#### [TASK OBJECTIVE]
Set down the whole listing below exactly, without pictures.

#### [RECORDED DATA]
########
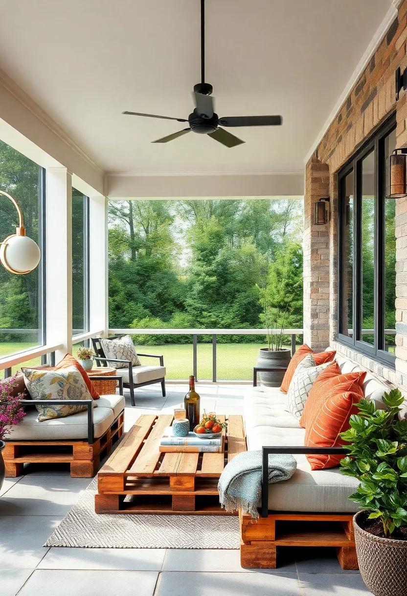 transforming your screened porch into a cozy retreat can be as simple as repurposing wooden pallets.By stacking a few pallets to create a sturdy base, you’ll instantly introduce a rustic charm to your space. Top these pallets with thick, vibrant cushions that not only offer comfort but also add a splash of color to your decor.Consider using outdoor fabric for the cushions to ensure durability against the elements. Mix and match different textures and patterns to infuse personality into your seating area.
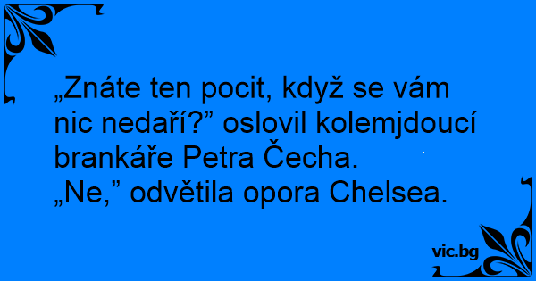 „Znáte ten pocit, když se vám nic nedaří?” oslovil kolemjdoucí brankáře Petra Čecha.
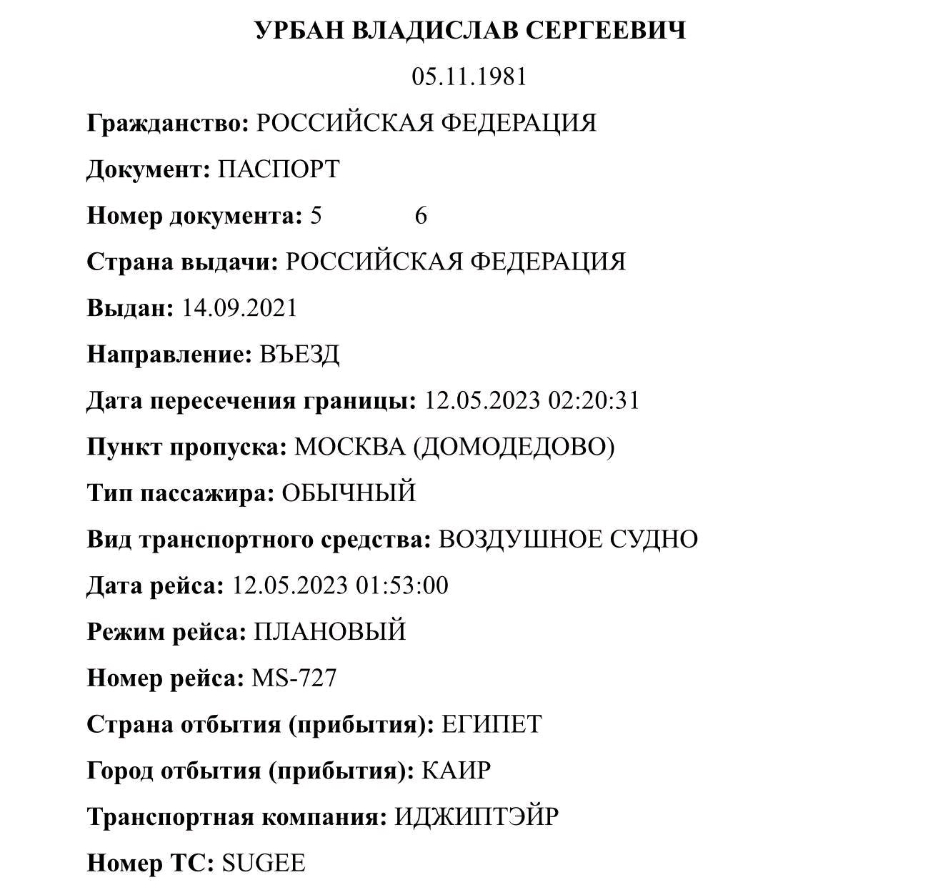 Я работаю в Шереметьево. В 2023 году прямых рейсов из Греции не было, но очень много самолетов начало лететь из Египта. Я был на работе только во время одного такого, но коллеги рассказывали, что видели несколько очень тучных бледных людей в темной одежде, которые в конце весны/начале лета летели из Хургады и Шарма с кучей сумок. Урбан был среди них.
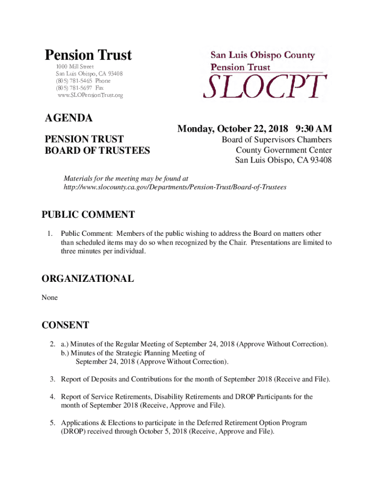Pension Trust 1000 Mill Street San Luis Obispo, CA 93408 (805) 7815465 Phone (805) 7815697 Fax www.SLOPensionTrust.orgAGENDA Monday, October 22, 2018 9:30 AM PENSION TRUST BOARD OF TRUSTEESBoard of
########
#### [WRITTEN RESPONSE]
 transforming your screened porch into a cozy retreat can be as simple as repurposing wooden pallets.By stacking a few pallets to create a sturdy base, you’ll instantly introduce a rustic charm to your space. Top these pallets with thick, vibrant cushions that not only offer comfort but also add a splash of color to your decor.Consider using outdoor fabric for the cushions to ensure durability against the elements. Mix and match different textures and patterns to infuse personality into your seating area.
 „Znáte ten pocit, když se vám nic nedaří?” oslovil kolemjdoucí brankáře Petra Čecha.
 Я работаю в Шереметьево. В 2023 году прямых рейсов из Греции не было, но очень много самолетов начало лететь из Египта. Я был на работе только во время одного такого, но коллеги рассказывали, что видели несколько очень тучных бледных людей в темной одежде, которые в конце весны/начале лета летели из Хургады и Шарма с кучей сумок. Урбан был среди них.
Pension Trust 1000 Mill Street San Luis Obispo, CA 93408 (805) 7815465 Phone (805) 7815697 Fax www.SLOPensionTrust.orgAGENDA Monday, October 22, 2018 9:30 AM PENSION TRUST BOARD OF TRUSTEESBoard of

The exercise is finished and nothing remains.